Saved data entries:
◇ ◇ ◇ ◇

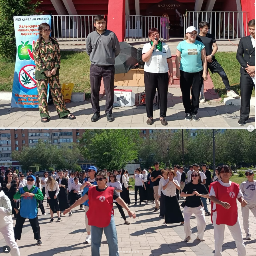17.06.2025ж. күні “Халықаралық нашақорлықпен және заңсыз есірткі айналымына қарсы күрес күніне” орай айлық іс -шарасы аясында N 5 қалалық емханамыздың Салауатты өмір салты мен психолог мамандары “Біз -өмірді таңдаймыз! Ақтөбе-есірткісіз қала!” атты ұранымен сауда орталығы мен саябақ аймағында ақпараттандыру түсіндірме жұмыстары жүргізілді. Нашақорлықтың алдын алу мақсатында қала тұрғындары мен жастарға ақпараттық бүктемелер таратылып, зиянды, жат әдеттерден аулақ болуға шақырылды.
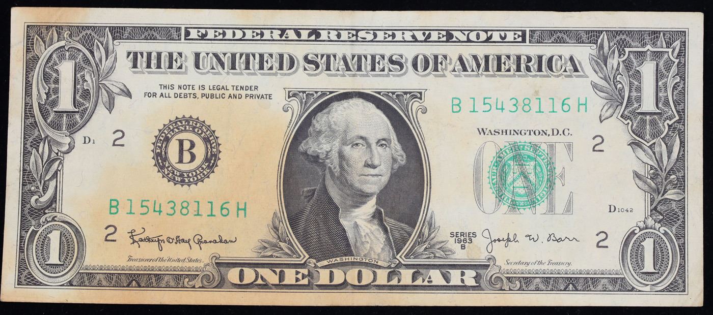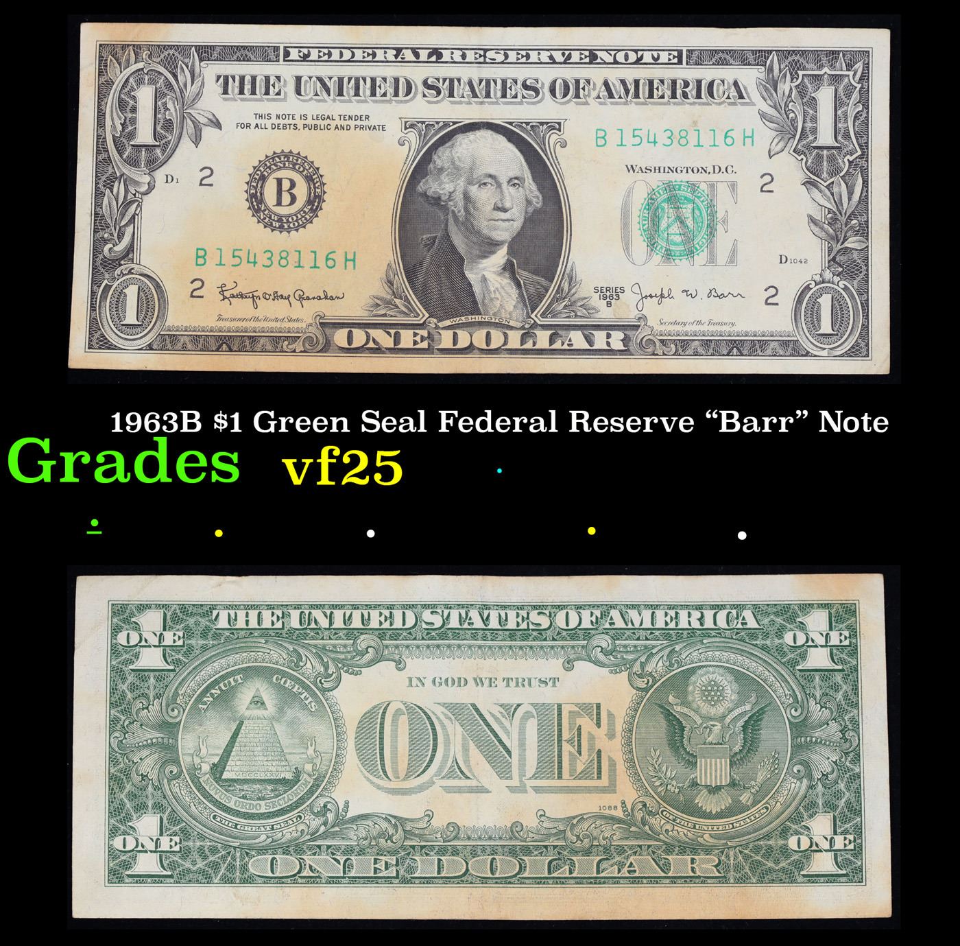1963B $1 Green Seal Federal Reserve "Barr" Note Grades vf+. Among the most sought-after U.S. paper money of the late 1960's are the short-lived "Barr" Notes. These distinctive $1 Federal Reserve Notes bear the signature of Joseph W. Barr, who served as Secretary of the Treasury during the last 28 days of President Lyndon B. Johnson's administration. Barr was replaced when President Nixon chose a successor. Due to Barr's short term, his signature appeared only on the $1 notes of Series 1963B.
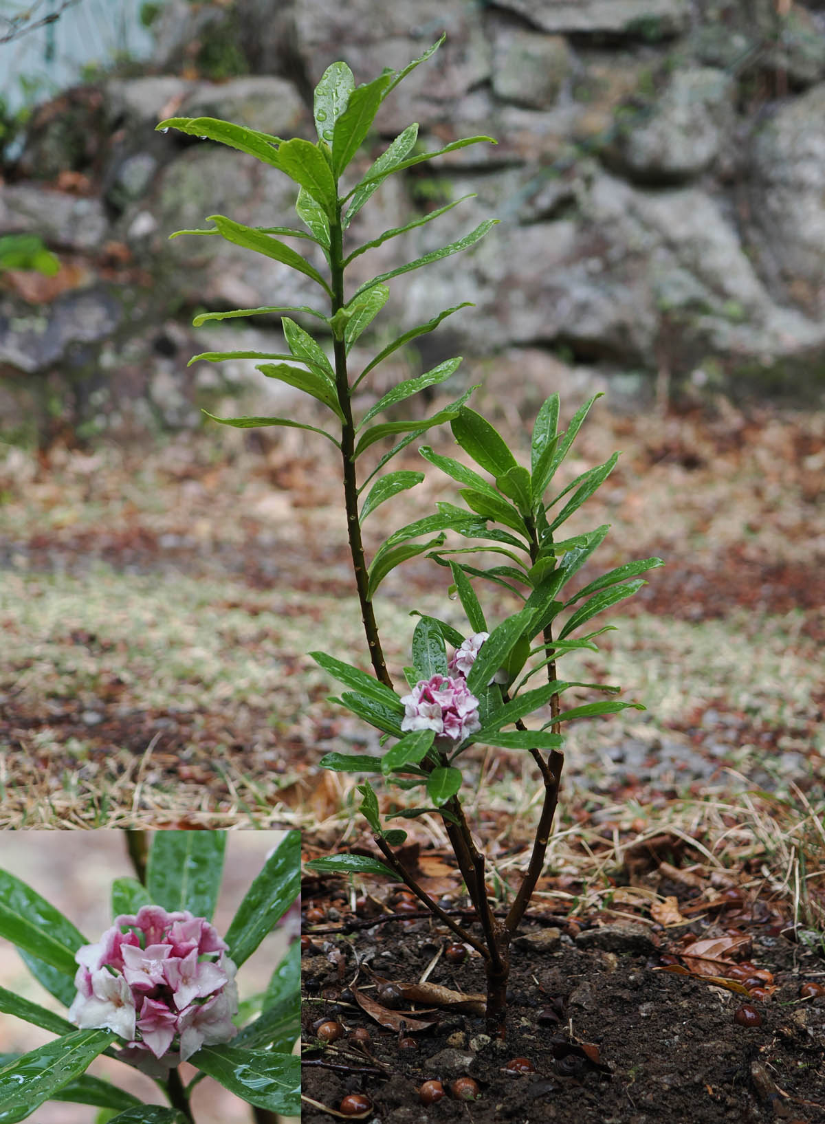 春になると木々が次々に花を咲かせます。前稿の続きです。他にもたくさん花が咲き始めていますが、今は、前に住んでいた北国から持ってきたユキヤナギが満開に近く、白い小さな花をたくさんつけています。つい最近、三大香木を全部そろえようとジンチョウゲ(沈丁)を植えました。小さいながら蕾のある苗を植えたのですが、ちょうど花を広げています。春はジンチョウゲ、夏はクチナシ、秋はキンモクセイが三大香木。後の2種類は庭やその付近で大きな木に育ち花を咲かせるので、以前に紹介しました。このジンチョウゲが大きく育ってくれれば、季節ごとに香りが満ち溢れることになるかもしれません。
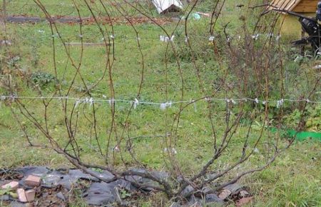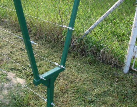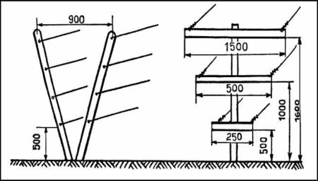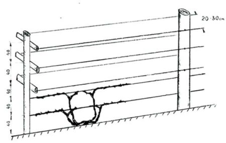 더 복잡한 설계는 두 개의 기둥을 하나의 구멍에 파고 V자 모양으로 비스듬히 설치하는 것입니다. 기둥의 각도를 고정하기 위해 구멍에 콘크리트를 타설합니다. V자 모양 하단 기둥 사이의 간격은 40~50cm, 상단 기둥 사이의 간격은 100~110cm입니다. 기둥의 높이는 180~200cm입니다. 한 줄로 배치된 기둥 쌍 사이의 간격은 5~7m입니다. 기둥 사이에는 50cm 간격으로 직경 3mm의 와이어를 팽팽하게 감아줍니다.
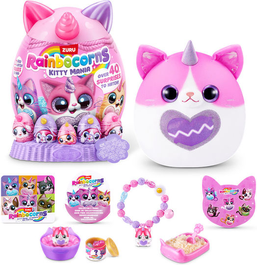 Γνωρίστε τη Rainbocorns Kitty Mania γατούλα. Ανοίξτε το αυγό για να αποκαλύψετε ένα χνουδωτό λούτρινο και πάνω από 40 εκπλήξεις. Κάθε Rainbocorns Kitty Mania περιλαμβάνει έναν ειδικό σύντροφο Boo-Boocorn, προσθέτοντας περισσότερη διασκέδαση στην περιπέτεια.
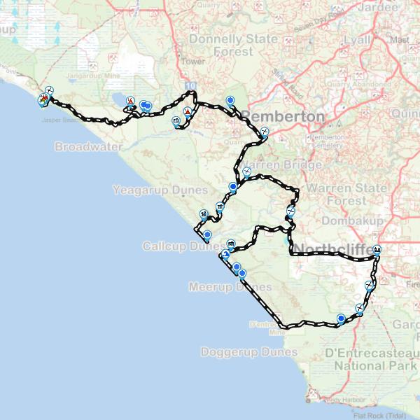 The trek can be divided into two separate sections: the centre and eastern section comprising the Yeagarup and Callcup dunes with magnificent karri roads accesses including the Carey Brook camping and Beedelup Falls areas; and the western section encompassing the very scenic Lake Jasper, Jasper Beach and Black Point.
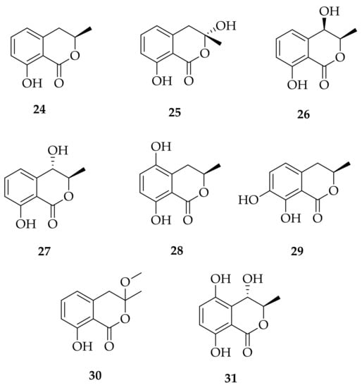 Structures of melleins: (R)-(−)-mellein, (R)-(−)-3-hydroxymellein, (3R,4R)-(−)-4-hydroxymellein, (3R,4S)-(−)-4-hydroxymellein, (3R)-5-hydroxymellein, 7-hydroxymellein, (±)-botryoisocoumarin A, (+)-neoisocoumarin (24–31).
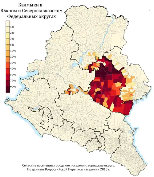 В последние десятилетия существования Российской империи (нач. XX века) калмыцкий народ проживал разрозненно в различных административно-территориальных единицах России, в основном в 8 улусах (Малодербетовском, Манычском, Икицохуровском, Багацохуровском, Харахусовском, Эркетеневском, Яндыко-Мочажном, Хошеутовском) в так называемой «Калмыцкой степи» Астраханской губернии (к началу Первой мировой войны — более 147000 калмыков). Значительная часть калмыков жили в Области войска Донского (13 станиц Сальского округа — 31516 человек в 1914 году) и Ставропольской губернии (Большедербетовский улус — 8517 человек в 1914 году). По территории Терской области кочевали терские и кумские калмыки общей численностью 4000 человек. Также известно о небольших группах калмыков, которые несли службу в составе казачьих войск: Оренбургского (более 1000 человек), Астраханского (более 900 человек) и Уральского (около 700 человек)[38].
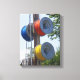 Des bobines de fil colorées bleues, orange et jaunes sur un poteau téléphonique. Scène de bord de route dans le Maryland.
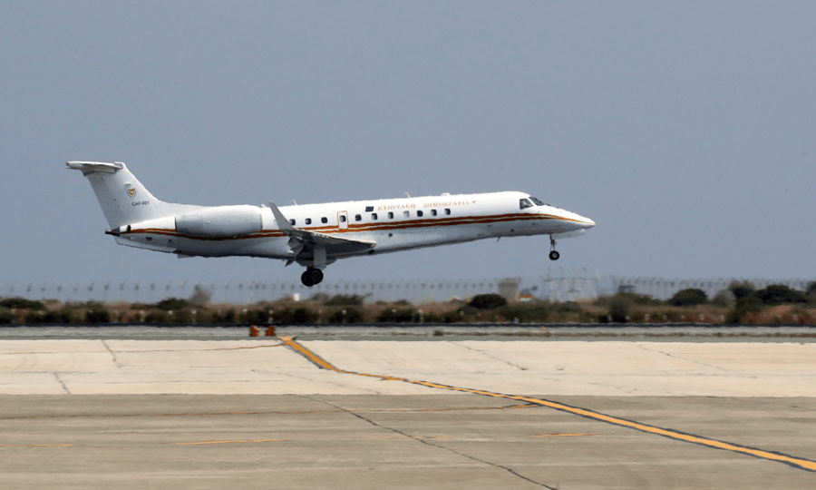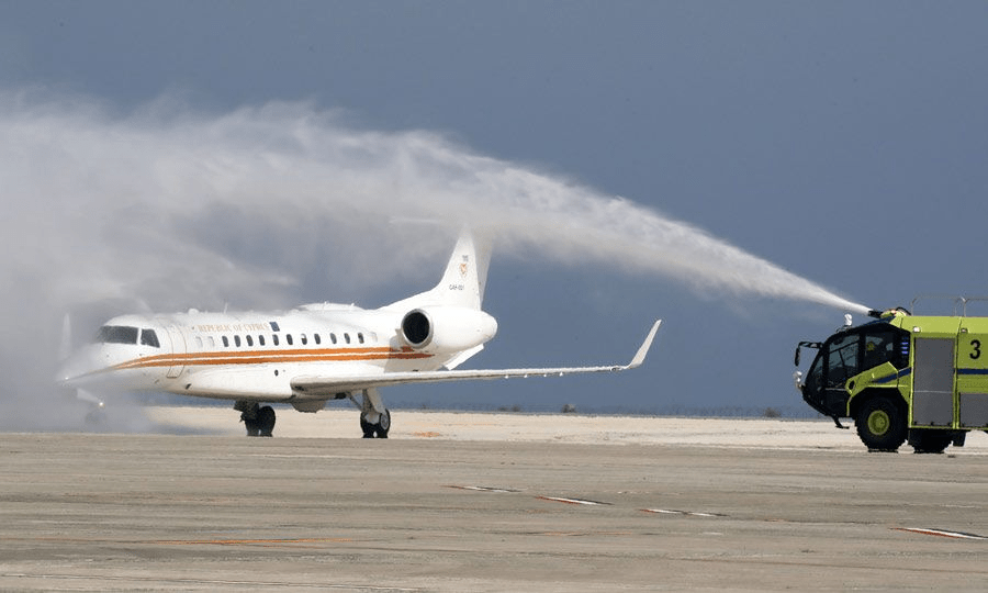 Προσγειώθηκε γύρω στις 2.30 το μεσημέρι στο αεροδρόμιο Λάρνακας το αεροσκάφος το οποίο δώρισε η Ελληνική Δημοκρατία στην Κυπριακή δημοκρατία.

◇ ◇ ◇ ◇

[PROBLEM REQUIREMENTS] Produce the entries again, word for word, without any of their pictures.

[SOLUTION TO THE EXERCISE]
17.06.2025ж. күні “Халықаралық нашақорлықпен және заңсыз есірткі айналымына қарсы күрес күніне” орай айлық іс -шарасы аясында N 5 қалалық емханамыздың Салауатты өмір салты мен психолог мамандары “Біз -өмірді таңдаймыз! Ақтөбе-есірткісіз қала!” атты ұранымен сауда орталығы мен саябақ аймағында ақпараттандыру түсіндірме жұмыстары жүргізілді. Нашақорлықтың алдын алу мақсатында қала тұрғындары мен жастарға ақпараттық бүктемелер таратылып, зиянды, жат әдеттерден аулақ болуға шақырылды.
1963B $1 Green Seal Federal Reserve "Barr" Note Grades vf+. Among the most sought-after U.S. paper money of the late 1960's are the short-lived "Barr" Notes. These distinctive $1 Federal Reserve Notes bear the signature of Joseph W. Barr, who served as Secretary of the Treasury during the last 28 days of President Lyndon B. Johnson's administration. Barr was replaced when President Nixon chose a successor. Due to Barr's short term, his signature appeared only on the $1 notes of Series 1963B.
 春になると木々が次々に花を咲かせます。前稿の続きです。他にもたくさん花が咲き始めていますが、今は、前に住んでいた北国から持ってきたユキヤナギが満開に近く、白い小さな花をたくさんつけています。つい最近、三大香木を全部そろえようとジンチョウゲ(沈丁)を植えました。小さいながら蕾のある苗を植えたのですが、ちょうど花を広げています。春はジンチョウゲ、夏はクチナシ、秋はキンモクセイが三大香木。後の2種類は庭やその付近で大きな木に育ち花を咲かせるので、以前に紹介しました。このジンチョウゲが大きく育ってくれれば、季節ごとに香りが満ち溢れることになるかもしれません。
 더 복잡한 설계는 두 개의 기둥을 하나의 구멍에 파고 V자 모양으로 비스듬히 설치하는 것입니다. 기둥의 각도를 고정하기 위해 구멍에 콘크리트를 타설합니다. V자 모양 하단 기둥 사이의 간격은 40~50cm, 상단 기둥 사이의 간격은 100~110cm입니다. 기둥의 높이는 180~200cm입니다. 한 줄로 배치된 기둥 쌍 사이의 간격은 5~7m입니다. 기둥 사이에는 50cm 간격으로 직경 3mm의 와이어를 팽팽하게 감아줍니다.
 Γνωρίστε τη Rainbocorns Kitty Mania γατούλα. Ανοίξτε το αυγό για να αποκαλύψετε ένα χνουδωτό λούτρινο και πάνω από 40 εκπλήξεις. Κάθε Rainbocorns Kitty Mania περιλαμβάνει έναν ειδικό σύντροφο Boo-Boocorn, προσθέτοντας περισσότερη διασκέδαση στην περιπέτεια.
 The trek can be divided into two separate sections: the centre and eastern section comprising the Yeagarup and Callcup dunes with magnificent karri roads accesses including the Carey Brook camping and Beedelup Falls areas; and the western section encompassing the very scenic Lake Jasper, Jasper Beach and Black Point.
 Structures of melleins: (R)-(−)-mellein, (R)-(−)-3-hydroxymellein, (3R,4R)-(−)-4-hydroxymellein, (3R,4S)-(−)-4-hydroxymellein, (3R)-5-hydroxymellein, 7-hydroxymellein, (±)-botryoisocoumarin A, (+)-neoisocoumarin (24–31).
 В последние десятилетия существования Российской империи (нач. XX века) калмыцкий народ проживал разрозненно в различных административно-территориальных единицах России, в основном в 8 улусах (Малодербетовском, Манычском, Икицохуровском, Багацохуровском, Харахусовском, Эркетеневском, Яндыко-Мочажном, Хошеутовском) в так называемой «Калмыцкой степи» Астраханской губернии (к началу Первой мировой войны — более 147000 калмыков). Значительная часть калмыков жили в Области войска Донского (13 станиц Сальского округа — 31516 человек в 1914 году) и Ставропольской губернии (Большедербетовский улус — 8517 человек в 1914 году). По территории Терской области кочевали терские и кумские калмыки общей численностью 4000 человек. Также известно о небольших группах калмыков, которые несли службу в составе казачьих войск: Оренбургского (более 1000 человек), Астраханского (более 900 человек) и Уральского (около 700 человек)[38].
 Des bobines de fil colorées bleues, orange et jaunes sur un poteau téléphonique. Scène de bord de route dans le Maryland.
 Προσγειώθηκε γύρω στις 2.30 το μεσημέρι στο αεροδρόμιο Λάρνακας το αεροσκάφος το οποίο δώρισε η Ελληνική Δημοκρατία στην Κυπριακή δημοκρατία.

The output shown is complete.